BMW Bets on iX3 Orders and Aggressive Buybacks as China Shock Triggers Deep Cost Cuts
22.06.2026 - 02:51:32 | boerse-global.de
The Bavarian automaker is sending mixed signals to the market. Even as it slashes its profit outlook and prepares to negotiate job cuts with labour representatives, BMW is ploughing ahead with a €2 billion share buyback and racing to fill order books for its new electric models. The juxtaposition underscores the delicate balancing act facing chief Milan Nedeljkovi? as he tries to steer the group through its gravest crisis in years.
The centrepiece of the turmoil is a dramatic downgrade to profitability. BMW now expects an EBIT margin of just 1 to 3 percent in its automotive division, down from a previous target as high as 6 percent. Free cash flow is set to halve to roughly €2.5 billion, from an earlier forecast of €4.5 billion. Management blames the deepening slump in China, where total passenger car sales collapsed 20 percent last month. The pain is concentrated among combustion-engine models, whose volumes plunged nearly 40 percent, while battery electric and plug-in hybrid vehicles now account for more than 60 percent of the market. The environment has been further soured by the Middle East conflict, which has pushed up energy costs and weighed on global consumer demand.
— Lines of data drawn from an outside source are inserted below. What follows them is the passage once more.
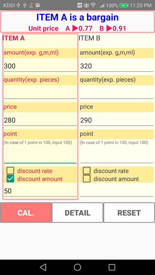 3. При нажатии на кнопку «Рассчитать», сумма за единицу будет отображаться, и вы будете знать сразу, какой из них лучше.
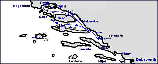 Trogir - Pučišća (Brač) - Omiš - Zaostrog - Metković (Opuzen) - Ausflug: Mostar, Medjugorje - Gradac - Jelsa (Vrboska) - Bol (Milna) - Trogir | ||||||
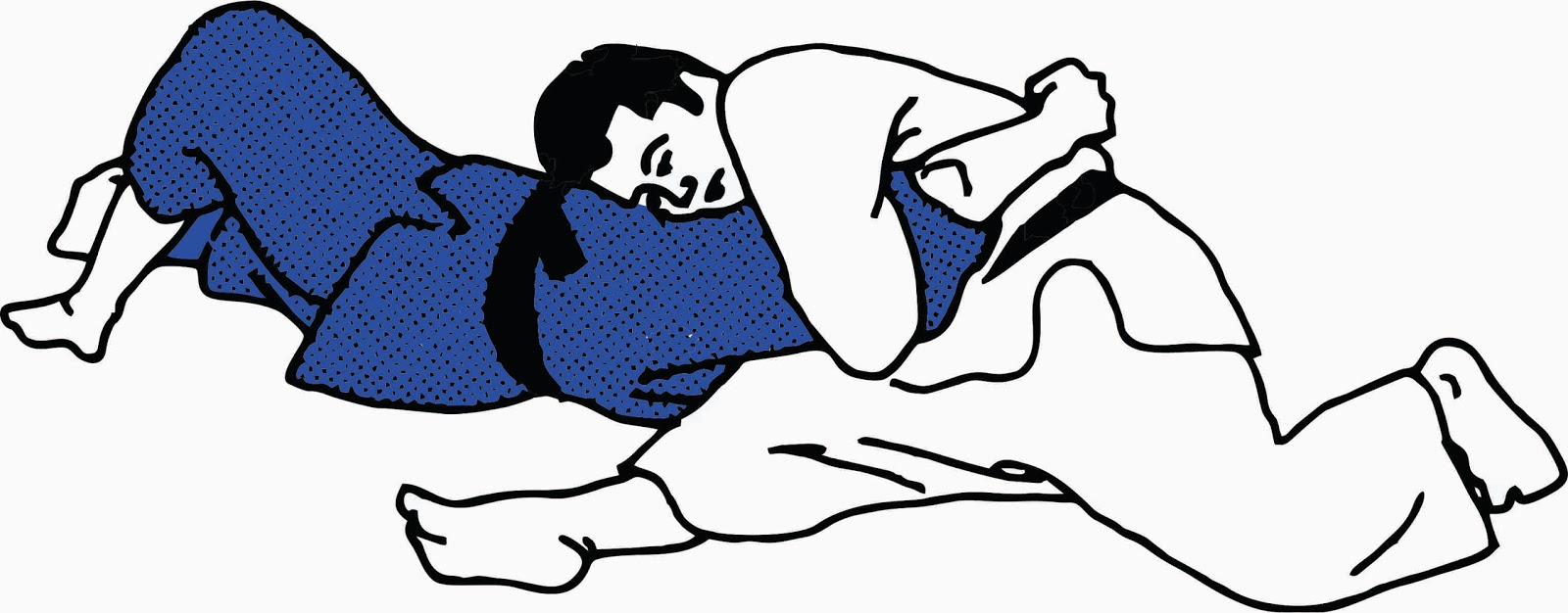 A technique to hold down the opponent’s upper body under the left side of the chest region by putting the left hip on the right side of his body from the right side of the opponent lying on his back, holding his right arm in the right arm and holding his upper body in the left arm.
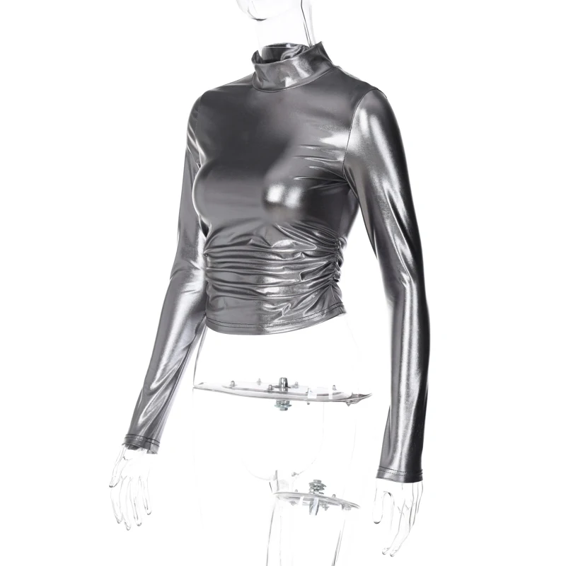 Lunivop Fashion Pu Long Sleeve Slim T-Shirt Sexy Casual Streetwear Party Club Vacation Daily Outfit Y2K Summer Women Clothes

To stem the bleeding, the board is drawing up a stringent cost-cutting programme. Talks with the works council are scheduled to begin shortly, and Nedeljkovi? has not ruled out headcount reductions. The restructuring measures will generate one-off charges in the second half of the year, the exact scale of which is to be quantified alongside the half-year results. In China, the Ministry of Industry and Information Technology recently revoked the independent manufacturing licences of eight local producers — including Brilliance Auto, BMW’s joint-venture partner. The BMW Brilliance Automotive joint venture is unaffected, with its contract running unchanged until 2040 and BMW holding a 75 percent controlling stake.
Should investors sell immediately? Or is it worth buying BMW?
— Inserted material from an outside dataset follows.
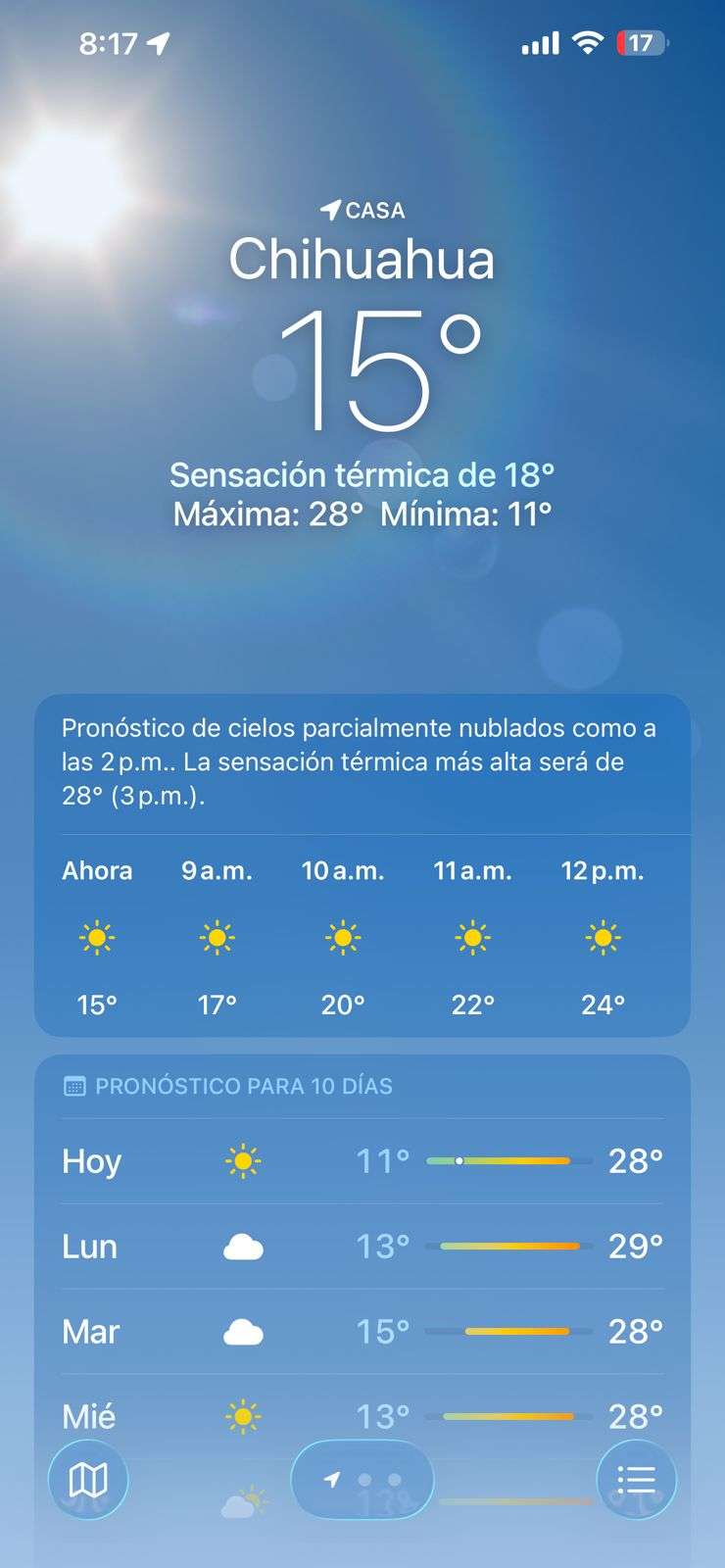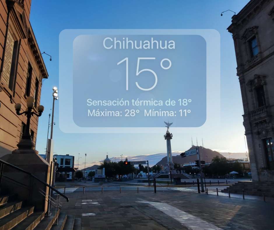 Chihuahua. - Para este domingo 12 de abril, la ciudad de Chihuahua inició la jornada con una temperatura de 15 grados, perfilando una tarde que alcanzará una máxima de 28 grados según los reportes digitales. No obstante, la Coordinación Estatal de Protección Civil proyecta una variación en el termómetro, estimando que la máxima podría llegar hasta los 29 grados, mientras que la mínima será de 11 grados durante las horas más frescas del día.

The stock market reaction was swift and brutal. BMW shares closed Friday at €60.38, shedding nearly 12 percent on the week and leaving the year-to-date decline at 37 percent. The price now sits barely a dollar above its 52-week low of €58.80, while the relative strength index has plunged to 20.5, a reading that signals deeply oversold conditions. Analysts have rushed to cut their price targets: UBS reduced its from €88 to €70 (neutral), Deutsche Bank from €100 to €90 (buy), and JPMorgan from €100 to €82 (overweight). Moody’s has also weighed in, revising its outlook on BMW to negative while leaving the long-term credit rating unchanged for now.
Yet amid the gloom, the company is pressing on with its share repurchase programme. In the middle of June, BMW bought back more than 420,000 common shares for around €29 million. The overall buyback, which runs until spring 2027, has a volume of €2 billion and the acquired shares are cancelled. Goldman Sachs has suggested BMW could even step up the pace of purchases given the depressed price. Despite the profit hit, BMW has kept its payout ratio target of 30 to 40 percent, though analysts widely expect a significant dividend cut.
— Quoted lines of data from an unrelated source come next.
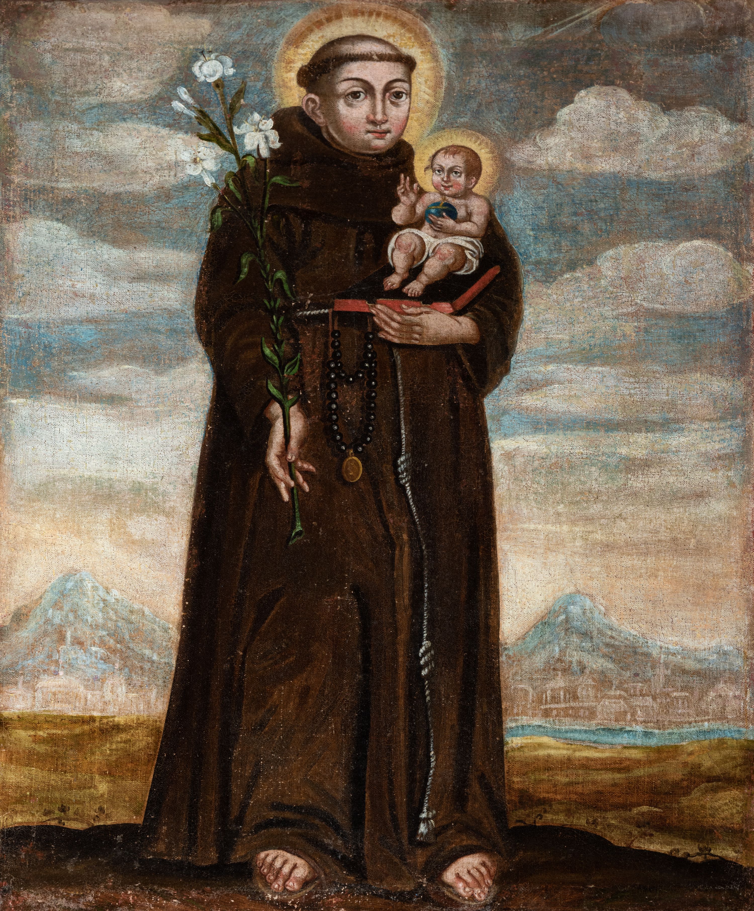 Święty Antoni urodził się w Lizbonie w 1195 roku, w 15. roku życia wstąpił do zakonu kanoników regularnych św. Augustyna. Po dwóch latach przeniósł się do portugalskiego Santa Cruz, by tam uczyć się teologii. W 1220 roku wstąpił do klasztoru franciszkanów św. Antoniego Pustelnika i przyjął imię patrona. Zgodnie ze swoją wolą został wysłany na misję do Maroka, na jego decyzję wpłynęła wiadomość o męczeńskiej śmierci pięciu działających tam franciszkańskich zakonników. Niestety musiał wrócić z powodu choroby i został wysłany do Monte Paolo koło Forli, gdzie zaczął wieść życie pustelnika i 18 listopada 1221 przyjął święcenia kapłańskie. W następnych latach wykładał teologię i głosił kazania we Włoszech i Francji, po 1224 roku został wysłany na południe Francji, aby przeciwdziałać albigensom (katarom). Był autorem pism, kaznodzieją, teologiem i mistykiem. Zaczął być czczony zaraz po śmierci w 1231 roku - jego kult koncentruje się w Padwie, ale ma duże znaczenie również w Rzymie, Sienie, Lizbonie i Tuluzie, gdzie znajdują się cudami słynące obrazy z przedstawieniem świętego. Wyobrażany jest najczęściej w habicie, z książką oraz lilią, czasem z chlebem, płonącym sercem lub samym płomieniem na dłoni. Wiele dzieł ukazuje go z Dzieciątkiem Jezus, które przejmuje od Marii lub które trzyma na rękach. Ta scena nawiązuje do legendy, zgodnie z którą Dzieciątko ukazało mu się, by umocnić go w wierze. Święty Antoni zmarł 13 czerwca 1231 w Arcelli i został pochowany w Padwie.
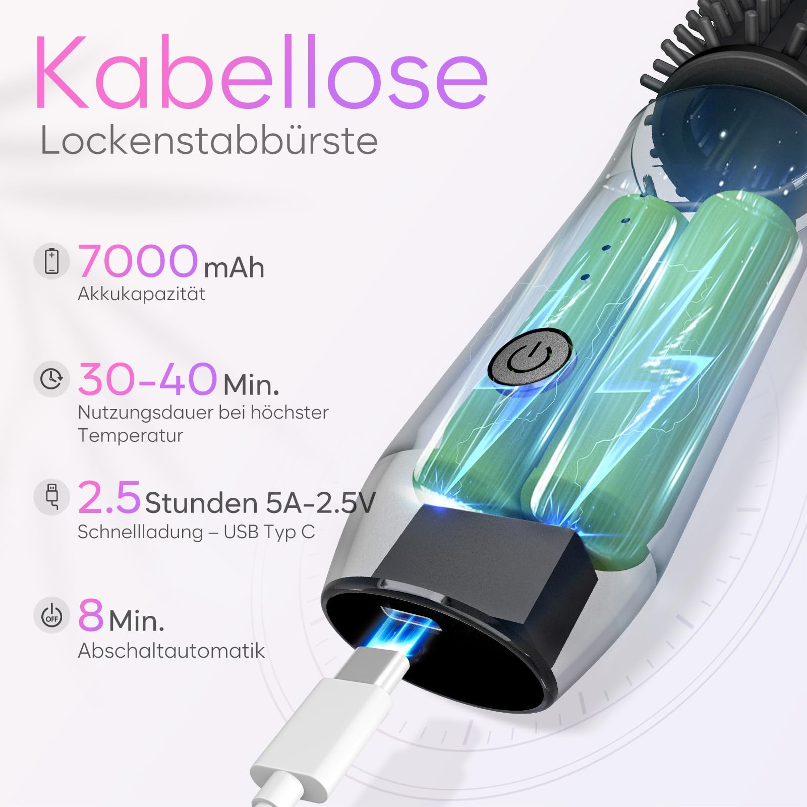 Wireless Travel Curling Iron Mini Brush for Women (7000mAh): USB Rechargeable with Negative Ions
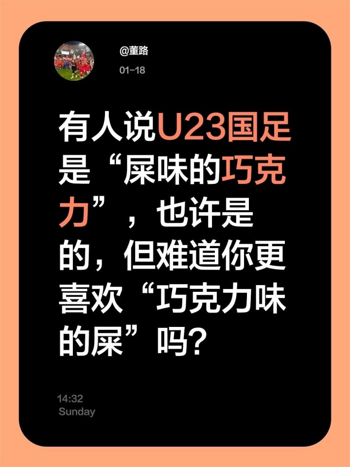 当历史性闯入四强的消息传回国内时,社媒沸腾了。这支曾被外界寄予厚望的球队,用防守创造了奇迹,再次证实足球是第一运动,也反映出了大家对国足真挚的爱:哪怕国足伤我百次、但凡成功一次,我定支持如初。
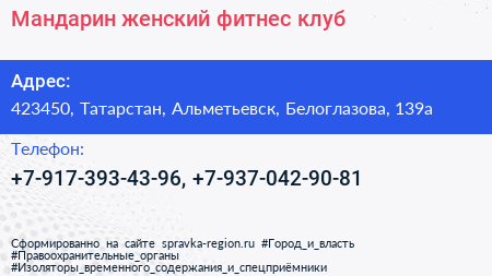 Мандарин, женский фитнес-клуб по адресу 423450, Татарстан, Альметьевск, Белоглазова, 139а в дальнейшем Организация, размещена в следующих категориях:

On the product side, the picture is far brighter. The all-new electric iX3 has racked up more than 50,000 orders in Europe, soaking up nearly all the capacity at the new Debrecen plant in Hungary for 2026. A lower-cost entry version, the iX3 40, is set to launch this summer. BMW has also brought forward the start of orders for the i3 electric saloon to this week, with production at the Munich plant on track for August. A China-specific variant of the iX3 will be assembled in Shenyang, and the group plans to roll out more than 40 new models based on its next-generation architecture by 2027.
The coming months will be defined by the cost of the turnaround. Once management nails down the precise numbers for the second-half restructuring charges and the scope of the savings programme, the market will have a clearer gauge of how deeply the China crisis will cut into shareholder returns. For now, investors are left weighing a generous buyback against an uncertain dividend future.